_THE PROBLEM_. Apart from the pictures, output all of the records exactly.

::: GIVEN INFORMATION :::

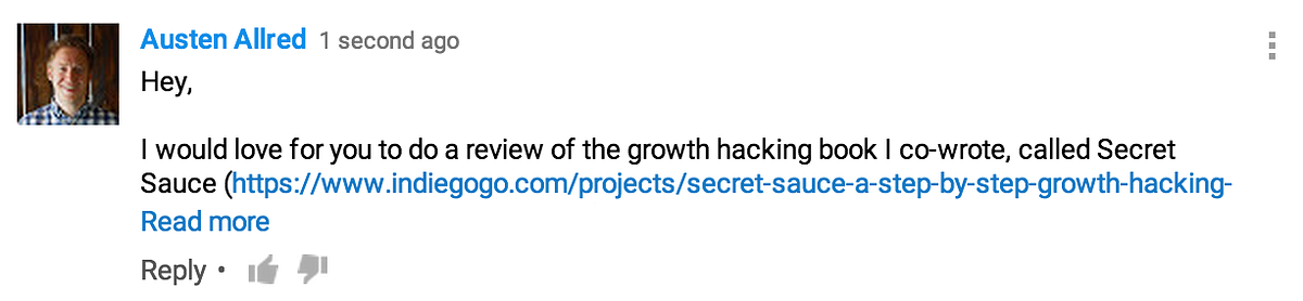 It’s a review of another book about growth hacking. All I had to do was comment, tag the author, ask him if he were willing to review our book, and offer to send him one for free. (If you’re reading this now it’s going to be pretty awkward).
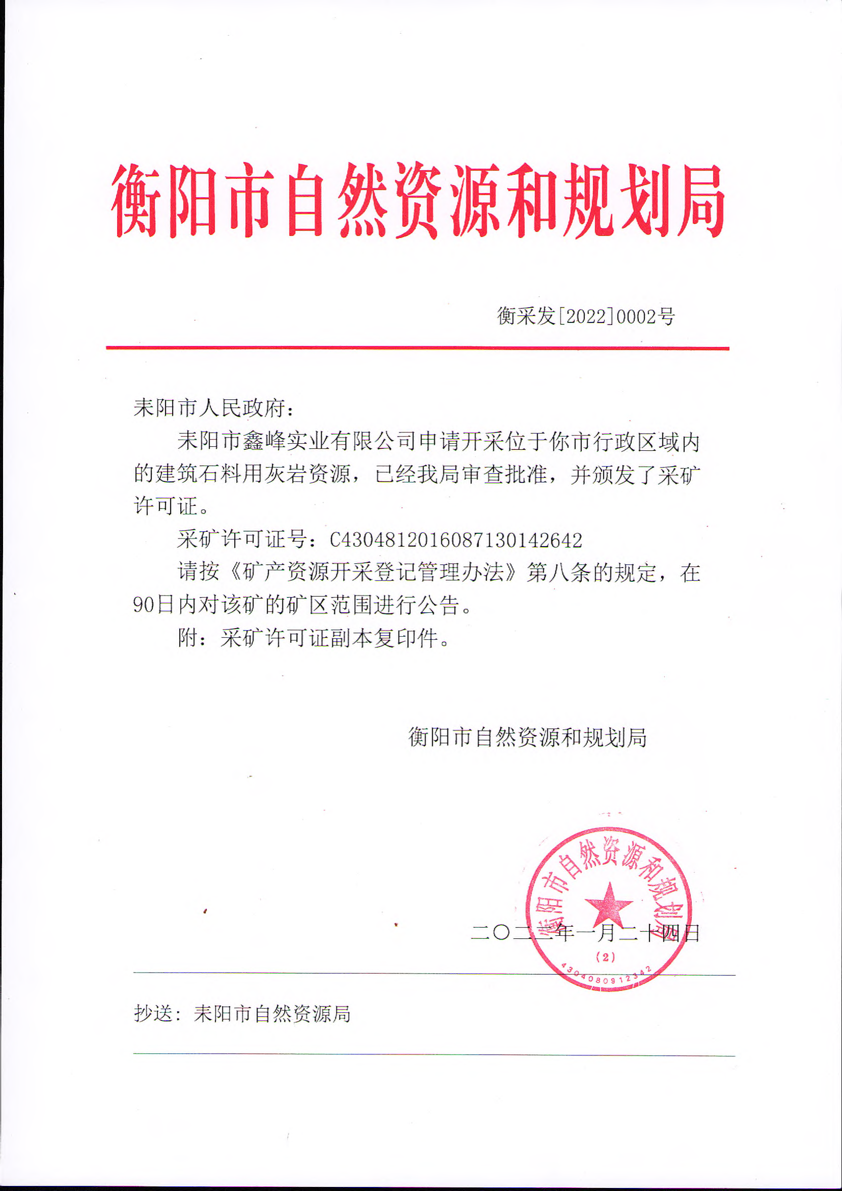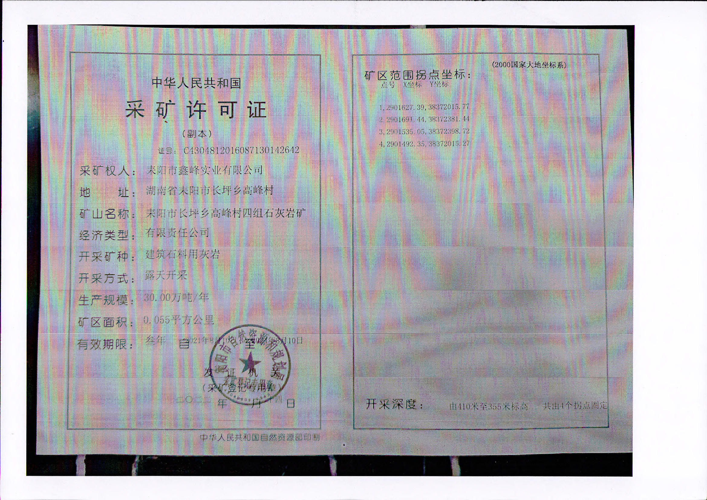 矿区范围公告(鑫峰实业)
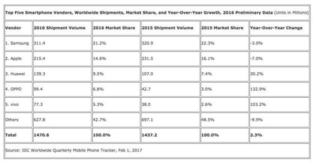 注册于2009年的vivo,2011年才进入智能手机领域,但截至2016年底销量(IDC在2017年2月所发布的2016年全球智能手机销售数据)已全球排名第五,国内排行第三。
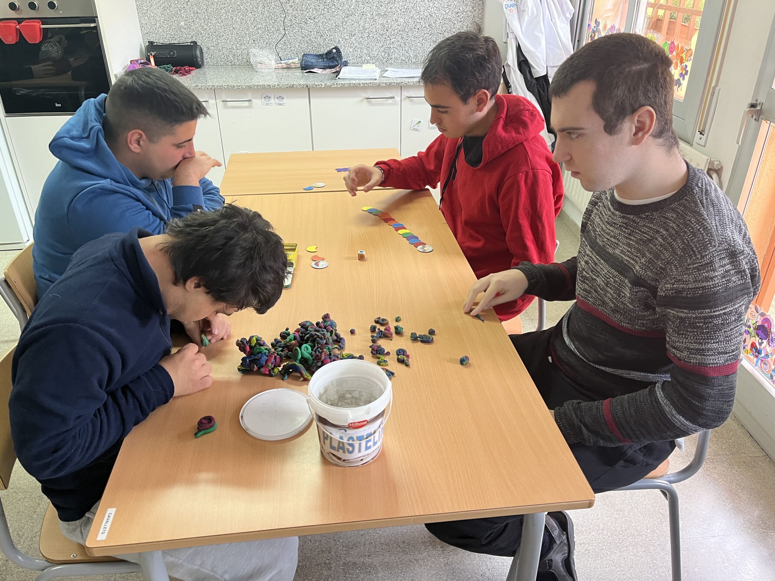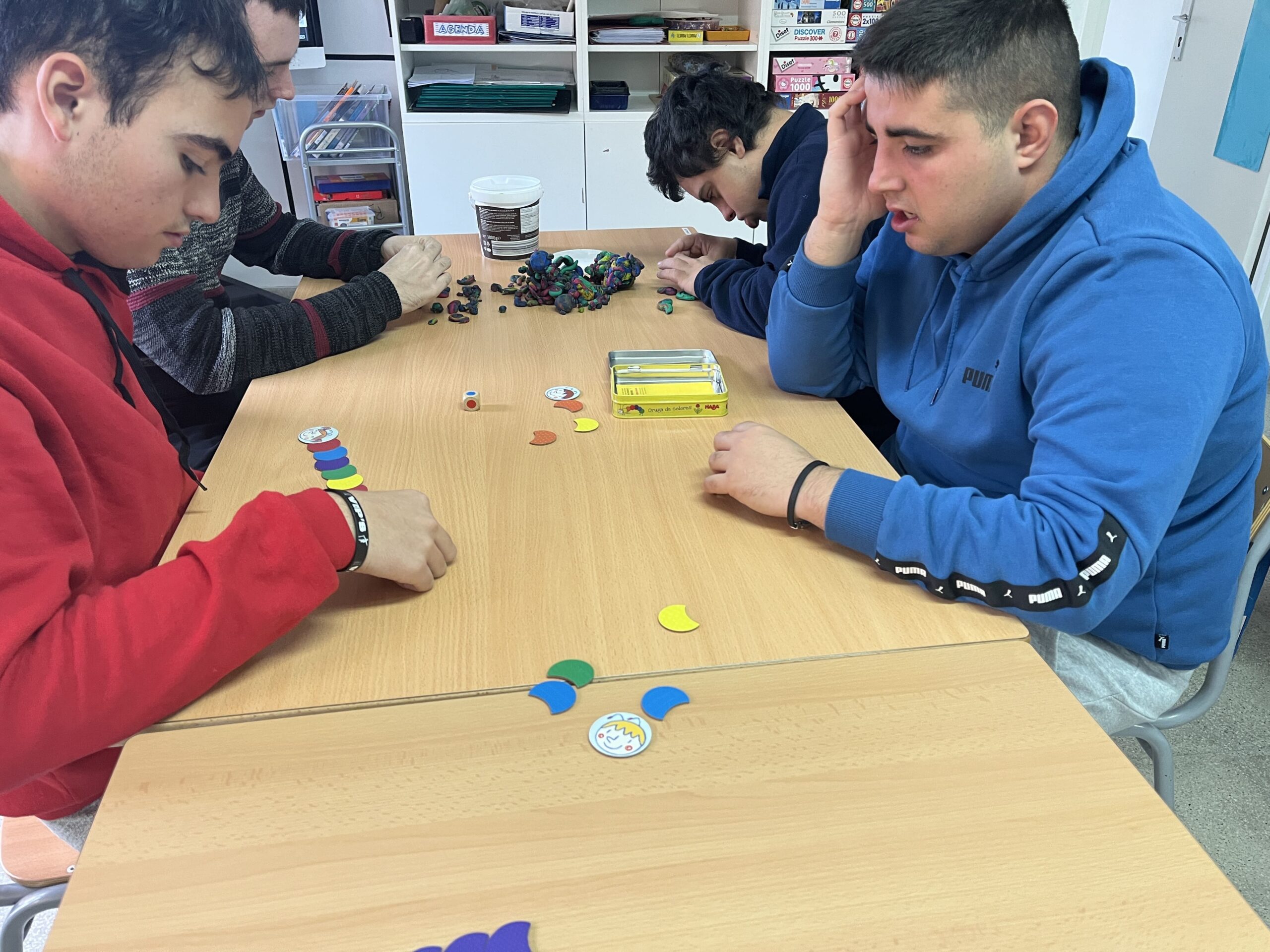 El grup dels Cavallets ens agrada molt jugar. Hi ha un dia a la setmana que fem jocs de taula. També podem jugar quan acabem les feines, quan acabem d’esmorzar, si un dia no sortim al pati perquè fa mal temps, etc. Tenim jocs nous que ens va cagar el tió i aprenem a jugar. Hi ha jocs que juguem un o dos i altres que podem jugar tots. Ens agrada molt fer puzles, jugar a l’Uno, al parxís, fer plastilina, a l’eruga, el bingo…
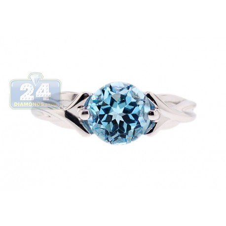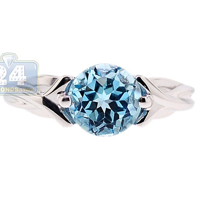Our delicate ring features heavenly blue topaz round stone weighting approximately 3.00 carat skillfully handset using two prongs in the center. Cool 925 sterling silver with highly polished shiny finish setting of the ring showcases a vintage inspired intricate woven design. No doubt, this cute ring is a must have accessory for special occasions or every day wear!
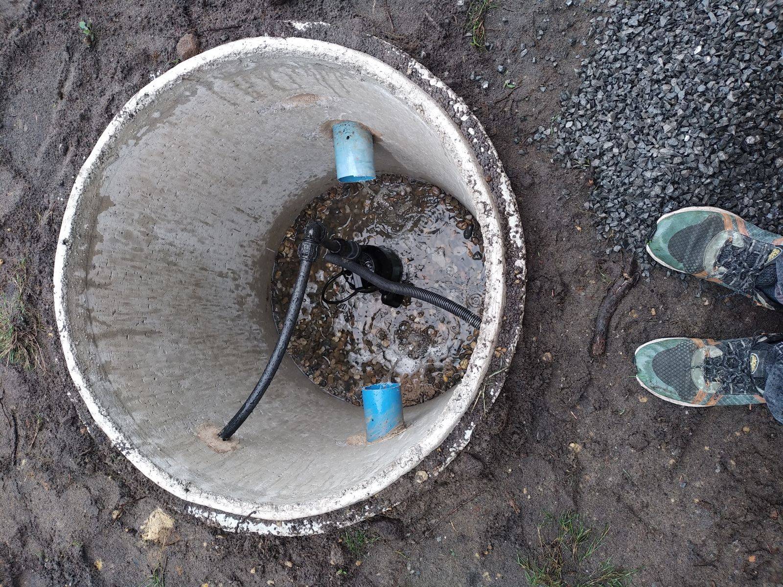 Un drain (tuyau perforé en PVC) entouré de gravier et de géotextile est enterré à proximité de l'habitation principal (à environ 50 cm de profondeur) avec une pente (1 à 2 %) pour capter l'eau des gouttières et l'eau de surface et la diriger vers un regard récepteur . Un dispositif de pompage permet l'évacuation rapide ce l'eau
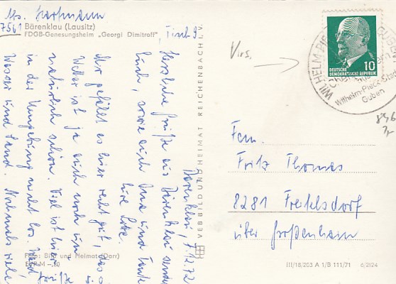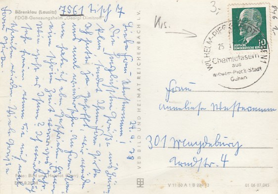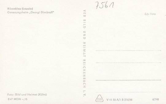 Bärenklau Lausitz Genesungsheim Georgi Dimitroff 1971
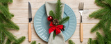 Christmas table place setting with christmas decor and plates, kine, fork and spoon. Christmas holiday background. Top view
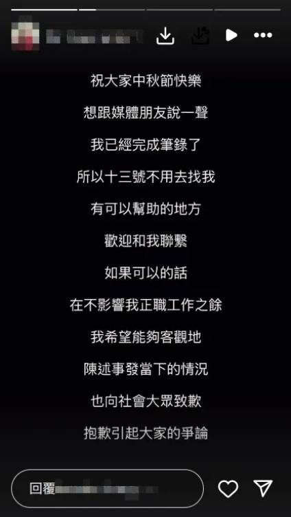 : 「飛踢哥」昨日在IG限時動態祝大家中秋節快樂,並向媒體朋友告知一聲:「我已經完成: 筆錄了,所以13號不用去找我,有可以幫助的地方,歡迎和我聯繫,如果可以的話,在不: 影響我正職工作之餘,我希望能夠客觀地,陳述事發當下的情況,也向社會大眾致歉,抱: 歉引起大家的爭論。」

:::

_COMPLETED EXERCISE_.
 It’s a review of another book about growth hacking. All I had to do was comment, tag the author, ask him if he were willing to review our book, and offer to send him one for free. (If you’re reading this now it’s going to be pretty awkward).
 矿区范围公告(鑫峰实业)
 注册于2009年的vivo,2011年才进入智能手机领域,但截至2016年底销量(IDC在2017年2月所发布的2016年全球智能手机销售数据)已全球排名第五,国内排行第三。
 El grup dels Cavallets ens agrada molt jugar. Hi ha un dia a la setmana que fem jocs de taula. També podem jugar quan acabem les feines, quan acabem d’esmorzar, si un dia no sortim al pati perquè fa mal temps, etc. Tenim jocs nous que ens va cagar el tió i aprenem a jugar. Hi ha jocs que juguem un o dos i altres que podem jugar tots. Ens agrada molt fer puzles, jugar a l’Uno, al parxís, fer plastilina, a l’eruga, el bingo…
Our delicate ring features heavenly blue topaz round stone weighting approximately 3.00 carat skillfully handset using two prongs in the center. Cool 925 sterling silver with highly polished shiny finish setting of the ring showcases a vintage inspired intricate woven design. No doubt, this cute ring is a must have accessory for special occasions or every day wear!
 Un drain (tuyau perforé en PVC) entouré de gravier et de géotextile est enterré à proximité de l'habitation principal (à environ 50 cm de profondeur) avec une pente (1 à 2 %) pour capter l'eau des gouttières et l'eau de surface et la diriger vers un regard récepteur . Un dispositif de pompage permet l'évacuation rapide ce l'eau
 Bärenklau Lausitz Genesungsheim Georgi Dimitroff 1971
 Christmas table place setting with christmas decor and plates, kine, fork and spoon. Christmas holiday background. Top view
 : 「飛踢哥」昨日在IG限時動態祝大家中秋節快樂,並向媒體朋友告知一聲:「我已經完成: 筆錄了,所以13號不用去找我,有可以幫助的地方,歡迎和我聯繫,如果可以的話,在不: 影響我正職工作之餘,我希望能夠客觀地,陳述事發當下的情況,也向社會大眾致歉,抱: 歉引起大家的爭論。」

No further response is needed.